Recorded information below:

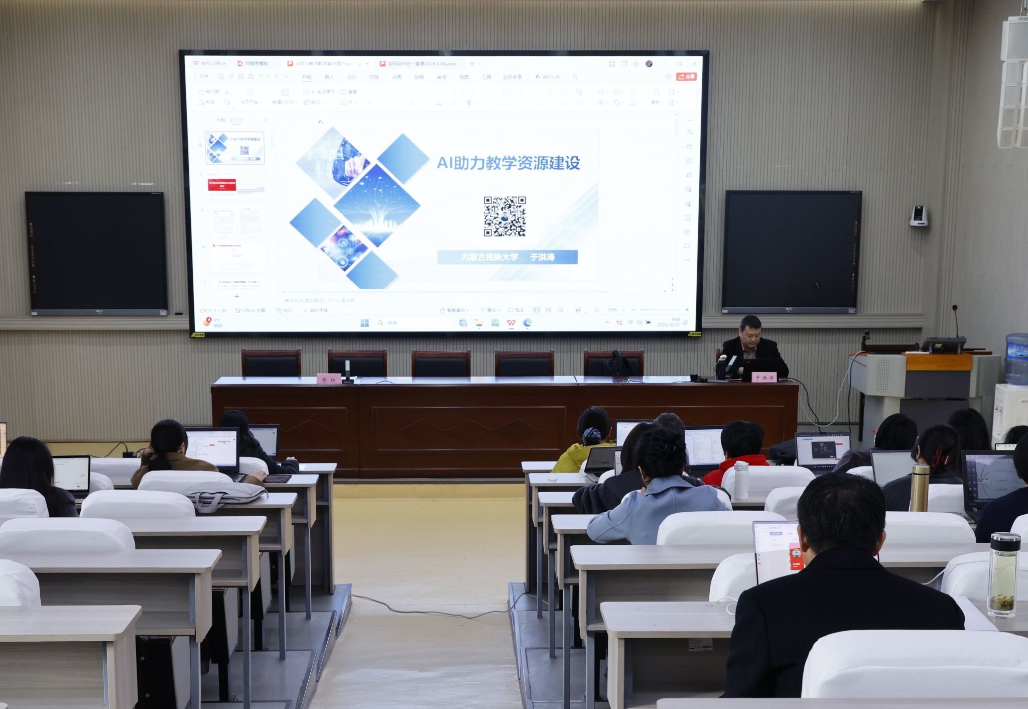 本次培训特邀内蒙古民族大学于洪涛教授作为主讲专家,围绕智慧课程建设、知识图谱与能力图谱、AI助教与课程专属智能体,AI实践、任务引擎等七个方面,通过理论拆解、案例剖析、实操演练进行讲解,帮助教师有效掌握AI赋能教学的知识与技术。
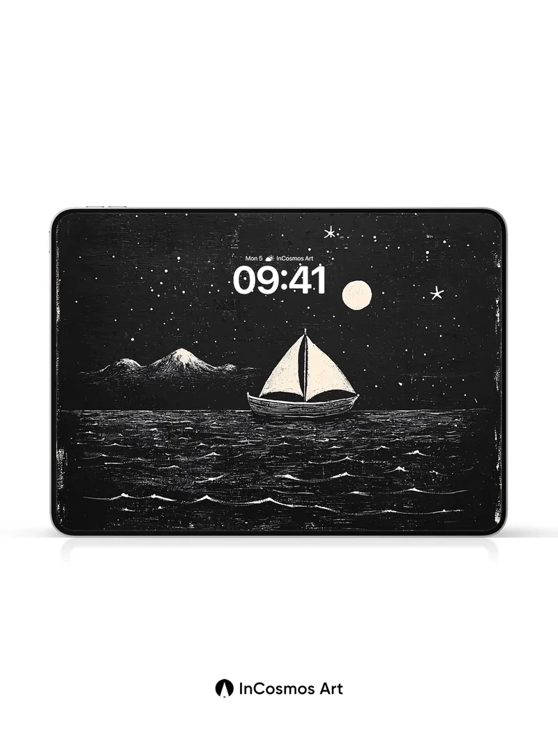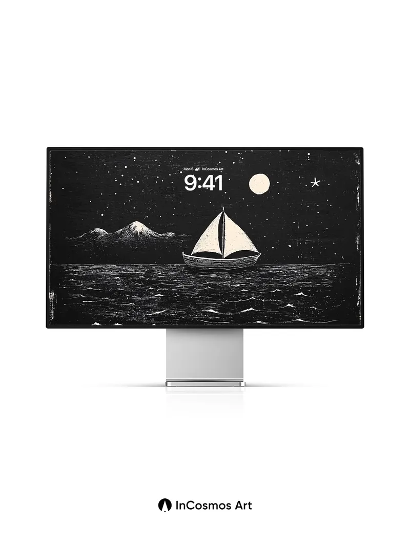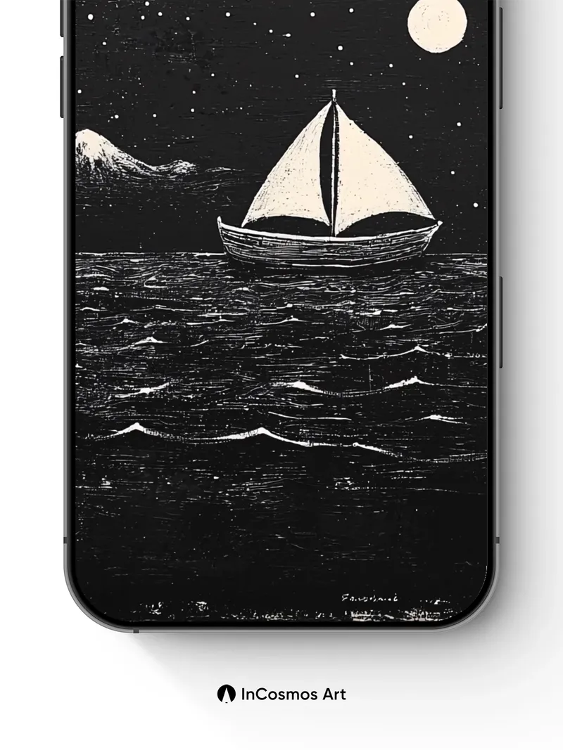 Moonlit Sail Wallpaper with Star-Strewn Silence
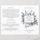 This elegant wedding ceremony design features a captivating blue floral bouquet on the centre encasing bride and groom's names. Foliage and flowers in dusty blue, navy blue, white, sage, grey and caramel tones. Use of hand written typography. Personalise the wording in both sides. NOTE: this programs arrive flat and require folding down the middle to assemble. The default value paper is recommended. Part of our"Rustic Blue Mountains" wedding and events collection.
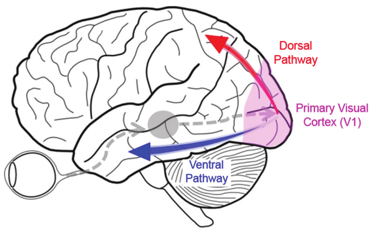 Scientists call this phenomenon “Visual Fixations”, and it’s triggered by the primary visual cortex, which is located in the very back of the brain (see image below).

End of Recorded information.

| Directions for this task |
After locating the line with "This elegant wedding", transcribe it and the rest of the data above exactly as written, without any picture.

| Solution to this exercise |
 This elegant wedding ceremony design features a captivating blue floral bouquet on the centre encasing bride and groom's names. Foliage and flowers in dusty blue, navy blue, white, sage, grey and caramel tones. Use of hand written typography. Personalise the wording in both sides. NOTE: this programs arrive flat and require folding down the middle to assemble. The default value paper is recommended. Part of our"Rustic Blue Mountains" wedding and events collection.
 Scientists call this phenomenon “Visual Fixations”, and it’s triggered by the primary visual cortex, which is located in the very back of the brain (see image below).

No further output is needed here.